«Валерий Иванович, у меня к Вам вопрос. Я ещё давно читал книгу Николая Митрохина "Русская партия: Движение русских националистов в СССР".
Что Вы думаете, ну необязательно о книге, но о наличии в Политбюро,
на более низовых должностях в КПСС, просто в обществе т.н. "русской партии" – людей, исповедующих или сочувствующих русскому национализму?
На Ваш взгляд, насколько сильна была такая "русская партия" в Партии, Союзе писателей, интеллигенции в целом ? Знали ли Вы лично людей, которые подпадали под это определение (разумеется, неформально)?».
Мой ответ: В эту «русскую партию» я входил, с автором этой книги общался. Но сама книга разочаровала, поскольку Николай Митрохин
- скорее репортер, чем исследователь. Он собрал фактический материал, взял интервью у многих из нас, но не осмыслил процесс.
Да, существовали сторонники так называемой "русской партии" во всех закоулках тогдашнего советского общества, от Политбюро до школ и конструкторских бюро. Появление этой "русской партии" было вызвано запросами времени, назревающей необходимостью модернизации доминирующего тогда "индустриализма". На Западе этот вызов времени претворился в движение
за гражданские права и "студенческие революции", в Китае происходила "культурная революция" и череда ведущих к дэнсяопиновским реформам событий, а у нас заговорили о возрождении деревни на базисе развития хозяйственной самостоятельности и вообще о внедрении хозрасчета в народном хозяйстве и прежде всего о наращивании производства ширпотреба (группа Б) и продовольствия для населения и преодоления позорнейшего "дефицита" колбасы и шмоток.
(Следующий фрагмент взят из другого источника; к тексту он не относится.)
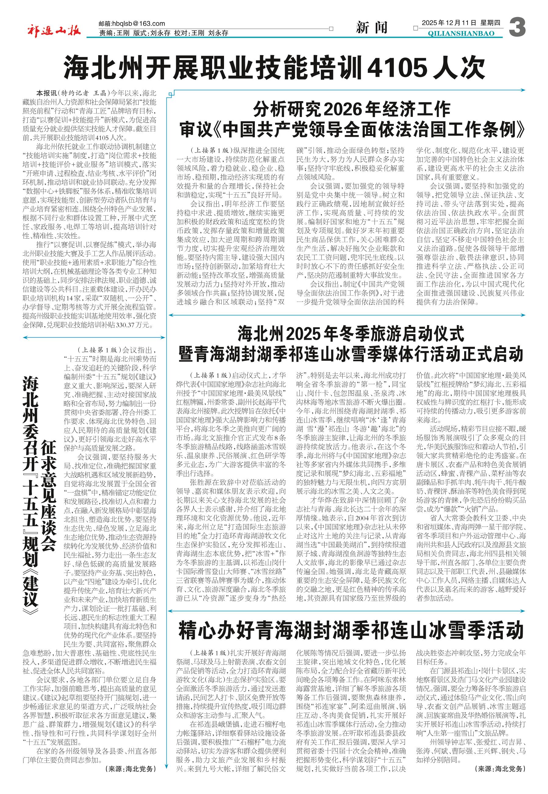 <div style='font-size: 22px!important;line-height: 34px!important;text-align: justify!important;color: #000!important'>海北州2025年冬季旅游启动仪式 暨青海湖封湖季祁连山冰雪季媒体行活动正式启动</div><div style='font-size: 14px!important;line-height: 22px!important;text-align: left!important;color: #777!important;margin-top: 20px;'>祁连山报  2025-12-11</div><div><img id='paperImg' style='max-width: 100%;height: auto' src='//img.founderfx.cn/epaper/202512/10/eb9e4e3856794c758b08b267462cfe13/3.jpg' alt='' class='page-img'/></div><p> (上接第1版)启动仪式上,才华烨代表《中国国家地理》杂志社向海北州授予“中国国家地理·最美风景线”红框牌匾,州委常委、副州长赵海平代表海北州接牌。此次授牌旨在依托《中国国家地理》强大品牌影响力和传播平台,将海北冬季之美推向更广阔的市场。海北文旅推介官正式发布8条冬季旅游精品线路,线路涵盖冰雪娱乐、温泉康养、民俗展演、红色研学等多元业态,为广大游客提供丰富的冬季出行选择。</p><p> 张胜源在致辞中对莅临活动的领导、嘉宾和媒体朋友表示欢迎,向长期以来关心支持海北发展的社会各界人士表示感谢,并介绍了海北地理环境和文化资源优势。他说,近年来,海北州立足“打造国际生态旅游目的地”全力打造环青海湖游牧文化生态保护实验区,充分发挥祁连山、青海湖生态本底优势,把“冰雪+”作为冬季旅游的主基调,以祁连山岗什卡国际滑雪登山大师赛、“冰雪丝路”三省联赛等品牌赛事为媒介,推动体育、文化、旅游深度融合,海北冬季旅游已从“冷资源”逐步变身为“热经济”。特别是去年以来,海北州成功打响全省冬季旅游的“第一枪”,同宝山、岗什卡、包忽图温泉、圣泉湾、冰沟林海等地冰雪旅游不断火爆出圈。今年,海北州围绕青海湖封湖季、祁连山冰雪季,继续唱响“冰‘逢’青海湖 雪‘漫’祁连山 冬游‘趣’海北”的冬季旅游主旋律,让海北州的冬季旅游持续绽放活力。他表示,在这个冬季,海北州将与《中国国家地理》杂志社等多家省内外媒体共同携手,多维度记录和展现“梦幻海北、五彩福地”的独特魅力与无限生机,向四方宾朋展示海北的冰雪之美、人文之美。</p><p> 才华烨在致辞中深情回顾了杂志社与青海、海北长达二十余年的深厚情缘。她表示,自2004年首次到访以来,《中国国家地理》杂志社从未停止对这片土地的关注与记录,从青海湖当选“中国最美湖泊”,到持续报道原子城、青海湖湟鱼洄游等独特生态人文故事,海北的影像早已通过杂志传遍全国。她强调,海北是青藏高原重要的生态安全屏障,是多民族文化的交融之地,更是红色精神的传承高地,其资源具有国家级乃至世界级的价值。此次将“中国国家地理·最美风景线”红框授牌给“梦幻海北、五彩福地”的海北,期待中国国家地理极具权威性与辨识度的红框打卡,能形成可持续的传播动力,吸引更多游客前来海北。</p><p> 活动现场,精彩节目应接不暇,暖场服饰秀展演吸引了众多观众的目光,华美民族服饰应和着动人节拍,引领大家共赏精彩绝伦的走秀盛宴。在唐卡展区、农畜产品和特色美食展销活动区,蜂蜜、青稞产品、菜籽油等农副臻品和手抓羊肉、牦牛肉干、牦牛酸奶、青稞饼、酥油茶等特色美食得到现场游客的青睐,争先恐后纷纷购买品尝,成为“爆款”“火销”产品。</p><p> 省人大常委会教科文卫委、中央和省垣媒体、青海两弹一星干部学院、省冬季项目和户外运动管理中心、海南州共和县人民政府以及湟源县文旅局相关负责同志,海北州四县相关领导干部,州直各部门、各单位主要负责同志以及干部职工代表,州、县融媒体中心工作人员,网络主播、自媒体达人代表以及慕名而来的游客、越野爱好者参加活动。</p>

Естественно, наряду с распространенными
тогда идеями "конвергенции двух систем", мы обращались к отечественному опыту взращивания низовой субъектности - столыпинской реформе, нэпу и ленинскому «кооперативному плану», сохранившимся оазисам и росткам хозяйственной инициативы и предприимчивости. Наши сторонники в ЦК КПСС продвигали планы подъема Русского Нечерноземья. Мы были горячими сторонниками экономических замыслов Косыгина и противниками идеологической догматической примитивности Суслова, а в верхушечной борьбе поддерживали инновационный
отечественный ВПК (олицетворение - Устинов) против реакционного административного сверхконтроля (олицетворение - Андропов).
Мы в духе "конвергенции" преодолевали односторонности Гражданской Войны, осваивали "правды" обоих сторон. "Русская партия" боролась с пристрастностью официальной трактовки отечественной истории и вообще с официальной поверхностной идеологией и фактически достигла "Гражданского Примирения" (которое сейчас, обратите внимание, усиленно разрушается
в духе истеричного антикоммунизма-антибольшевизма-антисталинизма и дискредитации и чуть ли не отвержения советского периода нашей истории). Соответственно мы пытались реабилитировать дореволюционное наследие и объективнее подойти к деятелям и деяниям и идеологемам дореволюционного прошлого и белого движения.
Однако после смерти Брежнева нарушился более-менее сложившийся баланс сил в руководстве Советского Союза, и модернизация страны при Андропове сорвалась, хотя в эти же годы в США при Рейгане
и в КНР при Дэн Сяопине модернизационные проекты рванули вперед. И у нас началось новое Смутное Время, на престол взошел Горбачев, при котором неимоверно усилились позиции главного врага нашей "русской партии" и "агента влияния" враждебных нам сил - Яковлева.
После августа-1991 "агенты влияния" взяли власть и первым делом разрушили Советскую Империю и уничтожили наш ВПК, и "русская партия" попыталась восстать, и мы чуть ли не добились победы в сентябре-октябре
1993 года, но проиграли.
О каком-либо рывке в постиндустриализм сейчас говорить не приходится, но "русская партия" не подавлена до конца, и новое русское поколение, по крайней мере наиболее активные и продвинутые его группы наподобие НБП, берут на вооружение ряд концепций, выработанных "русской партией", и прежде всего неостолыпинско-неонэповскую концепцию форсированного взращивания русской низовой субъектности и соответственно русской постиндустриальной модернизации.